Ozzie snorted. "Fuck's legit? Pot, no; tequila, yes? Cubans, yes; Haitians, no? I mean, who the fuck decides—"

I jumped in to forestall another tirade. "I heard he owns the cops."

"The cops!" said Ozzie, managing to invest the word with a detestation that had been fermenting half a lifetime. "Now we're talking assholes. Corrupt or just plain dumb? Remember the one got caught suckin' pussy in the squad car?"

"You think Ortega owns them?"

Ozzie looked at me almost with pity. "Man, are you naive? There's six, eight guys control this town. The guys with the real estate, the tour concessions, the gambling boats. They get what they want. The cops are there to help.... Why you so curious all of a sudden?"

I didn't answer. I made a point of getting busy packing up my stuff. It was around eleven-thirty and the courts were emptying. Old doubles players with bent backs and bandaged knees hobbling home for chicken salad in an avocado. I dropped my racquets into my bike basket. "Same time Saturday?" I said, and headed off across the park.





5


Riding home, I was thinking: Why do people get sucked into things that they know, down deep, won't make them happy?

Things like golf. Or volunteering for committees. Or moving to Los Angeles. What is the strange insidious pressure that, every day, persuades large numbers of people to leap headlong into crap like that? Is it just that people are so easily bamboozled? Maybe it's the awful fear of being bored, the belief that being bored is somehow shameful. Better to do anything, however dumb, however trivial, than just sit there, quietly and still.

Me, I sort of like being bored, though I admit it's an acquired taste, and difficult to justify to people who live north of, say, Mile Marker 10. Being bored is like drinking tea the exact same temperature as your mouth. You're getting something from it, though it's easy not to notice. And at least, when you're bored, you're not pretending something matters when it doesn't. At least you're not being had.

These thoughts, of course, were a way of assuring myself I would get sucked no deeper into the death of Kenny Lukens. Why should I? I'd met the guy exactly once. His life had zilch to do with mine. I owed him nothing. So I rode home, looking forward to, even craving, a boring afternoon. A good long soak in the hot tub. A bowl of pasta and a glass of Sangiovese. Some empty time in which to recover from my shock of the morning and my drubbing on the tennis court.

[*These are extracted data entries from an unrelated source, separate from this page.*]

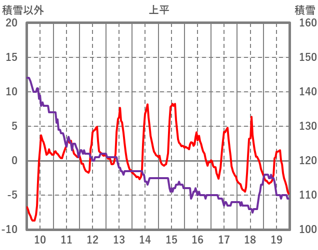 | 日 | 時 | 気温 | 降水 | 風向/風速 | 日照 | 積雪 | 降雪 |
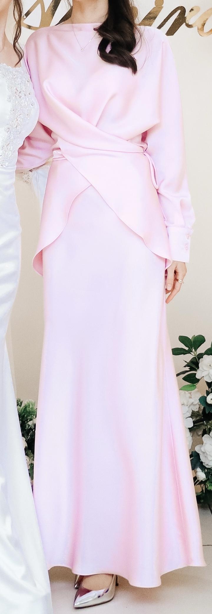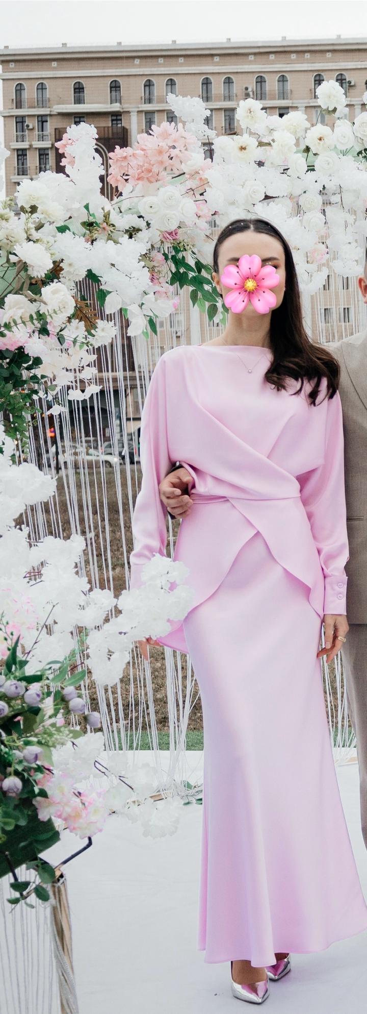 Нежно-розовый комплект, состоящий из необычной блузы с юбкой. Материал прекрасного качества, струится и очень приятен к телу. Надевала 1 раз в качестве наряда подружки невесты. В идеальном состоянии, как новое. Артикул: 237460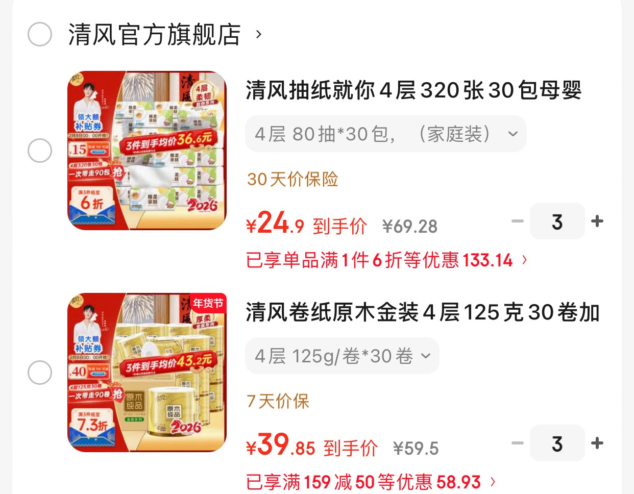 清风 抽纸就你4层320张30包母婴适用,拍3件【74.7】折0.8/包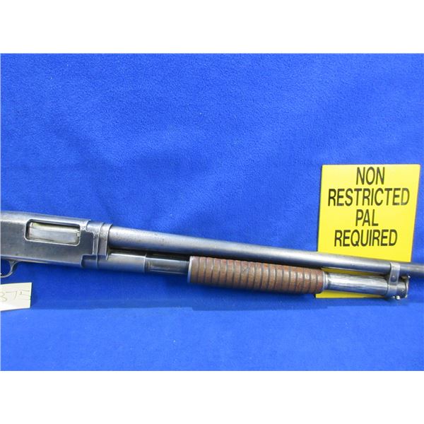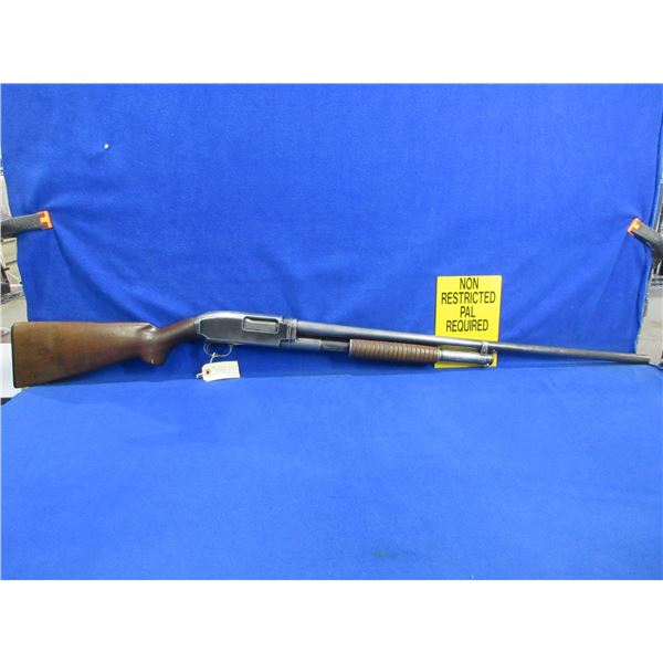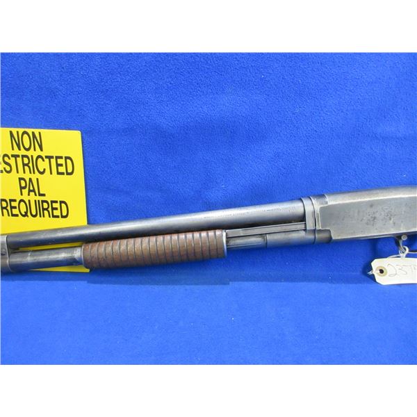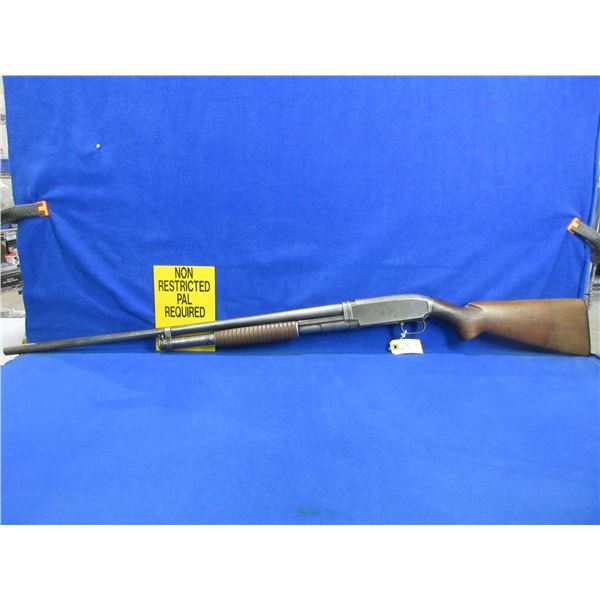 Non-Restricted - Winchester Model 12 in 12 Ga. 2 3/4" - Made in 1941, this pump action shotgun appears to be in good to very good working order. Barrel is 30", bore is good but barrel has a small dent approx 7" from muzzle, bluing is gone, has bead front sight, stock has a hairline crack on both sides of the wrist area, forearm is good with usage marks, butt plated good, swivels are missing. Ser # 835934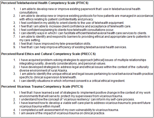 Responses from 17 participants who participated in the self-report portion of the study were analyzed. Participants completed the evaluative surveys at the end of the training program. Several participants had missing data on items assessing a particular construct and thus were not included in analyses of that construct. Results indicated excellent internal consistency reliability on the three constructs assessed: perceived telebehavioral health competency, perceived rural ethics and cultural competency, and perceived vicarious trauma competency α = 0.96, 0.91 and 0.92; n = 16, 17 and 15; SE = 0.015, 0.033 and 0.028; 95% CIs [0.93, 0.99], [0.84, 0.97] and [0.87, 0.98], respectively). Larger coefficient α scores suggest that items are more likely to contribute to a reliable scale. According to Nunnally and Bernstein, 0.70 and above is an acceptable reliability coefficient40. The lower limits of the confidence intervals, assessed through SPSS programming codes supplied by Iacobucci and Duhacheck, were all considerably above this criteria, giving greater confidence that the items contribute to a reliable scale41. It is reasonable to combine these related items into three separate scales: Perceived Telebehavioral Health Competency Scale (PTHCS), Perceived Rural Ethics and Cultural Competency Scale (PRECCS), and Perceived Vicarious Trauma Competency Scale (PVTCS) (Fig1).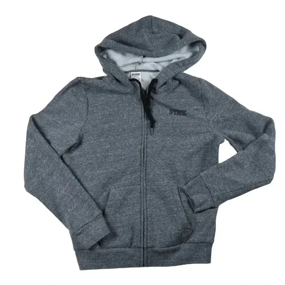 PINK Victoria's Secret Women's Grey Full Zip Hoodie Size Medium Love Pink
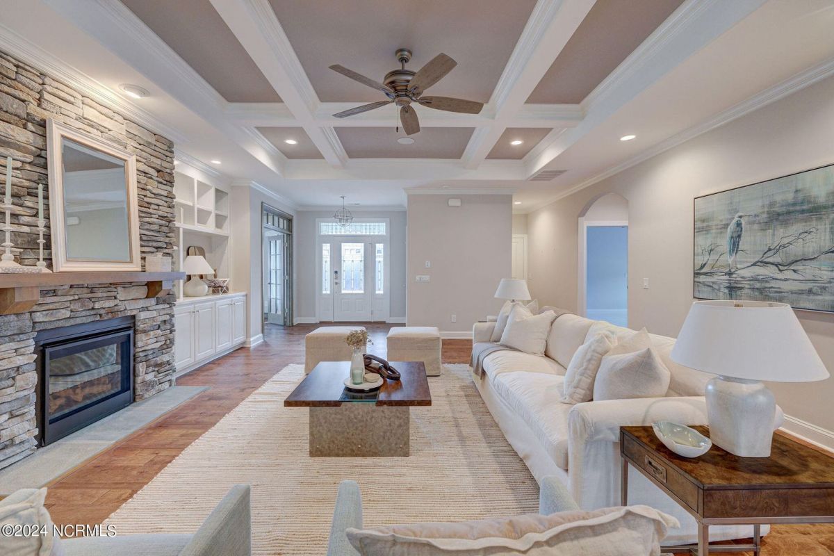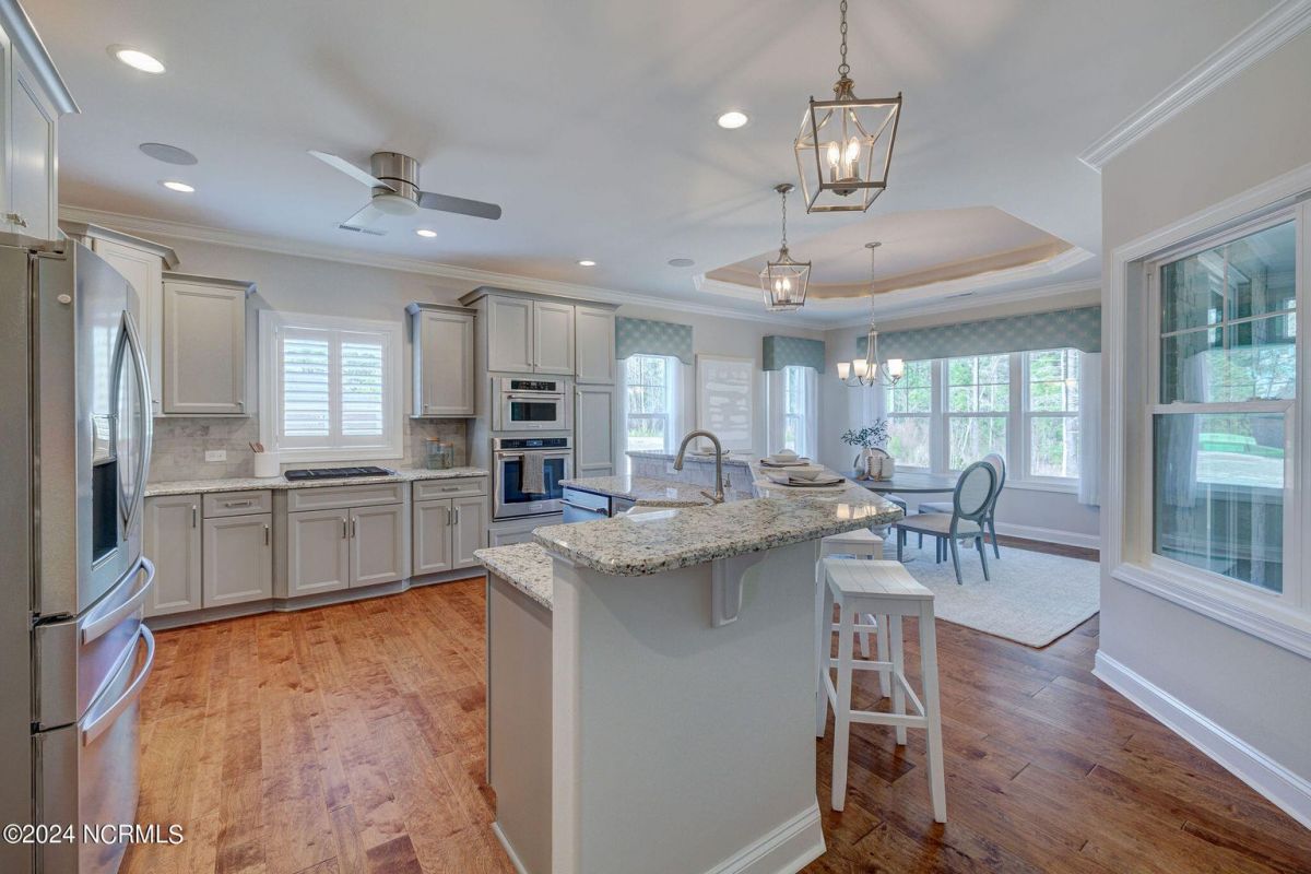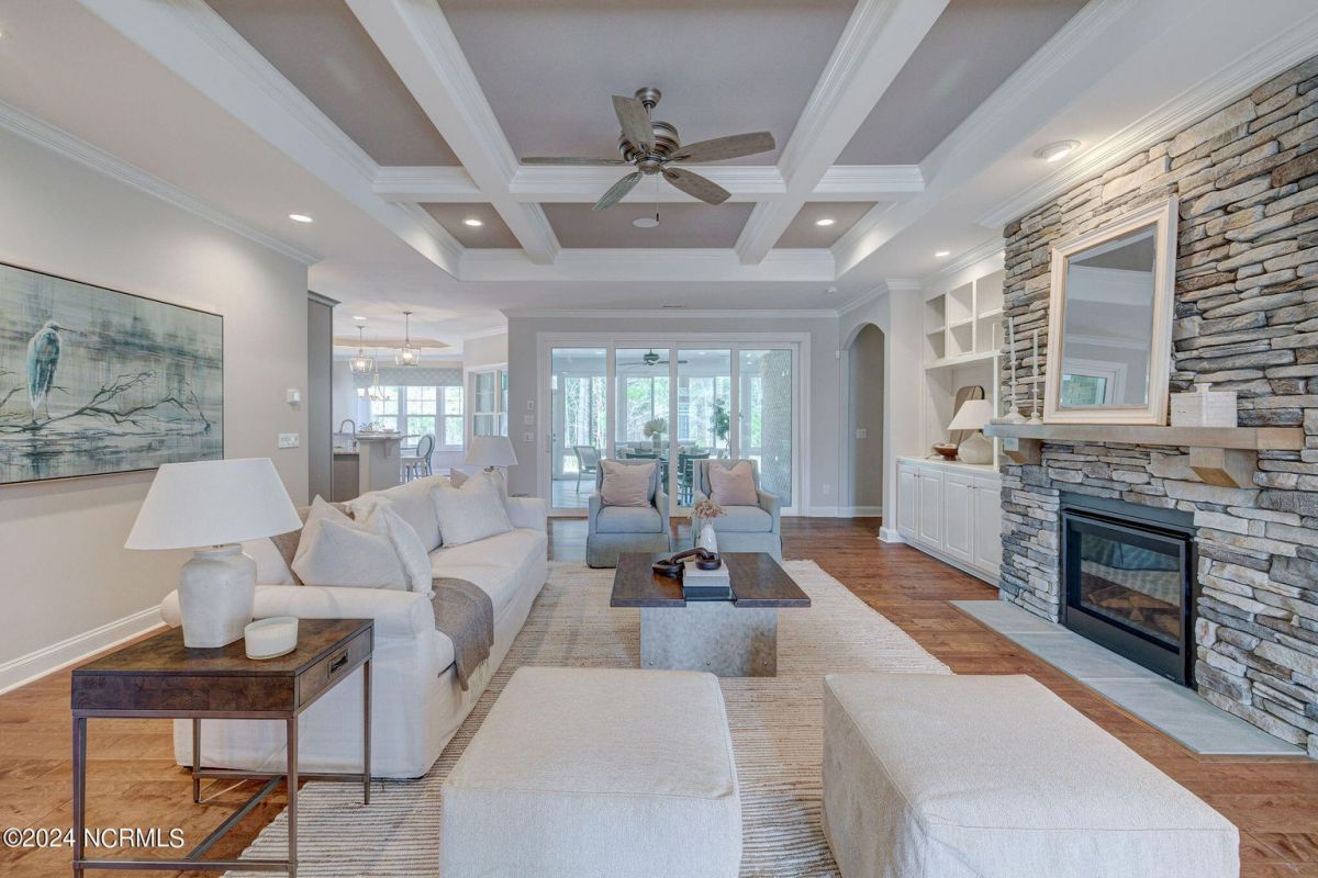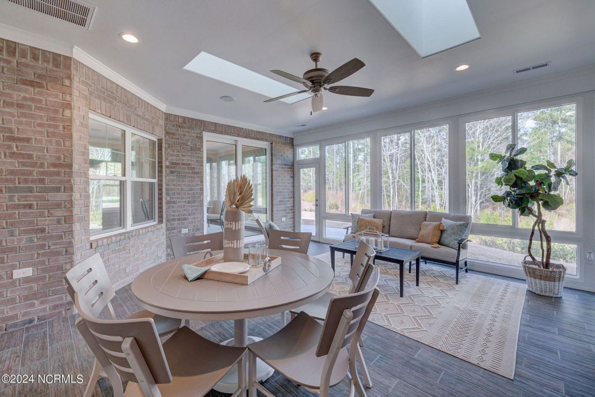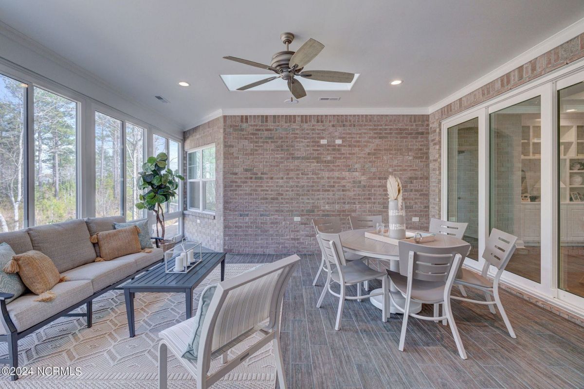 Built in 2021, this beautiful Trusst built ''Grace I'' model home is situated on a .31 acre lot that backs up to nature, offering a serene and private setting. The one-story floor plan includes 3 bedrooms, an office, and a large sunroom, providing plenty of space for comfortable living. Hardwood floors flow throughout the living areas, primary bedroom, and office, adding warmth and elegance to the home. The living room features built-ins on either side of the gas fireplace, creating a focal point and providing functional storage. The kitchen is well-equipped with all appliances, a tile backsplash, pull-outs in the bottom cabinets, and a pantry for convenient storage. The dining area offers great space for a large table and wall space for a buffet. The primary bedroom boasts two separate closets, offering ample space for organizing clothes and belongings, while the primary bath features a walk-in shower. The guest bedrooms are separate from the primary bedroom, ensuring privacy and comfort for guests. The office is adorned with coffered ceilings, adding a touch of sophistication to the space. One of the highlights of this home is the spacious sunroom and back patio, which offer stunning views of the conservation area. This provides the perfect spot to relax, entertain, and enjoy the natural surroundings. In addition to the beautiful home, the community of Compass Pointe offers a range of amenities included in the association dues. These amenities include a grand lanai, fitness center, lazy river, outdoor and indoor pools, and tennis and pickleball courts. Additionally, Compass Pointe offers private membership options that can include golf, an additional clubhouse, club dining, and access to an additional outdoor pool and fitness center. Overall, this home offers a combination of comfort, style, and desirable amenities in a picturesque setting.
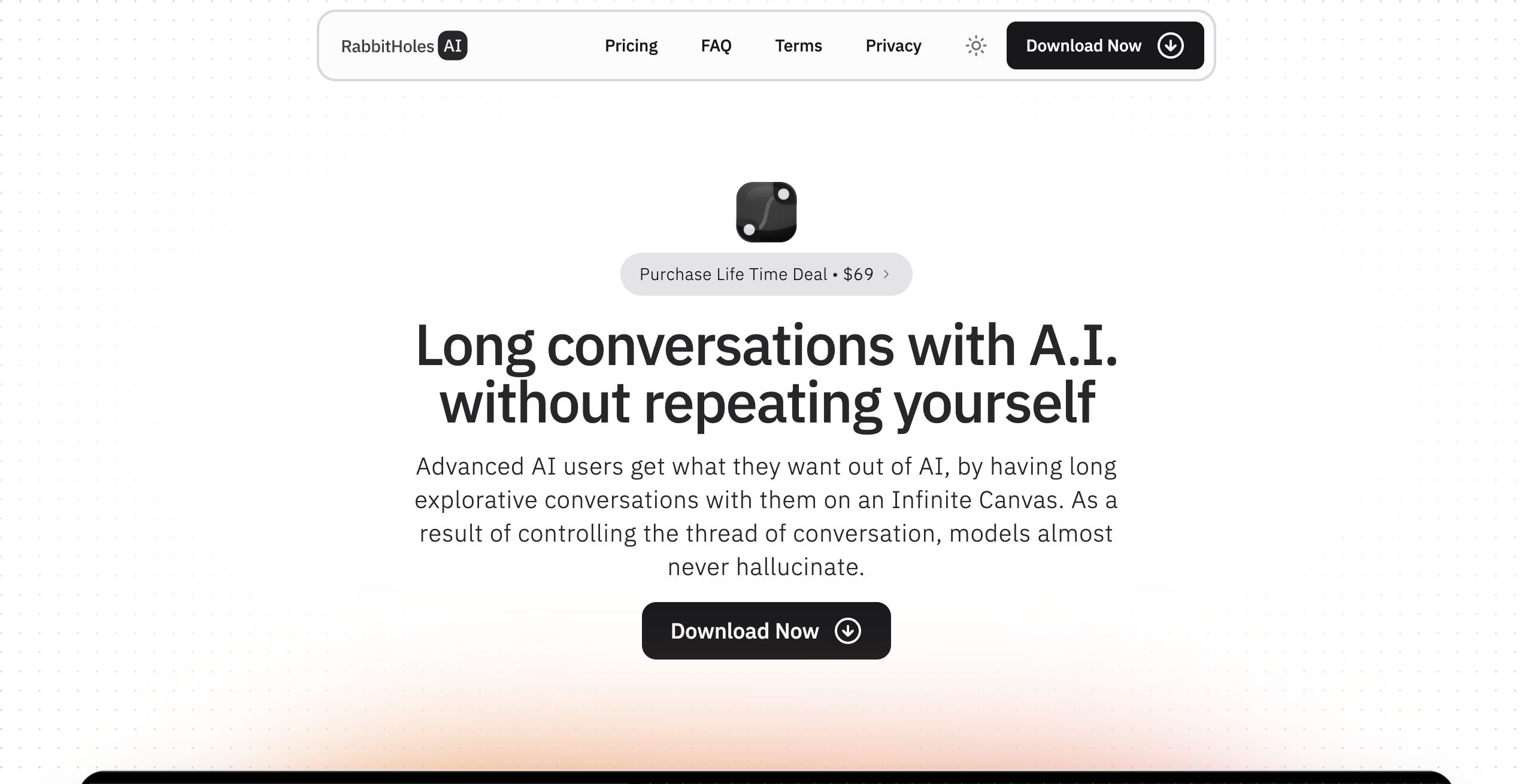 RabbitHoles is an AI-powered application specifically designed for advanced users who want to engage in deep, exploratory conversations with AI. Geared towards developers, students, researchers, knowledge workers, and polymaths, this tool allows its users to navigate an infinite canvas of ideas by building conversation threads and branching into detailed subtopics. The relevance of RabbitHoles lies in its approach to maintaining conversational context, thereby minimizing AI hallucinations and enhancing productivity.
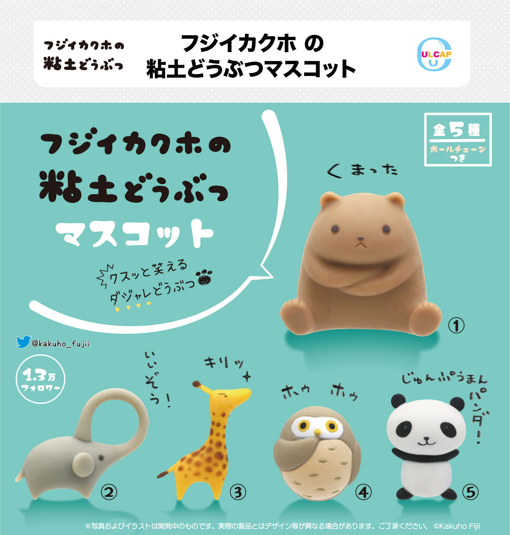 カプセルトイ「フジイカクホの粘土どうぶつ」のボールチェーンマスコットが

I climbed off my bike, locked it to the same palm I always lock it to. Went up the porch steps and into the house. Dropped my racquets and stripped, bachelor style, directly into the washing machine. Grabbed a towel and headed out the back.

I skirted the pool and was two steps from the hot tub when I saw them.

I didn't want to see them, but there they were: Kenny's tits, still perched pink and gleaming on the apron of the tub, uncanny, accusing, like the severed body parts of a medieval martyr. I tried not to look at the tits. I thought of flinging them like small humped Frisbees over the fence and into a neighbor's yard. I couldn't do it. I stepped over them and into the hot tub.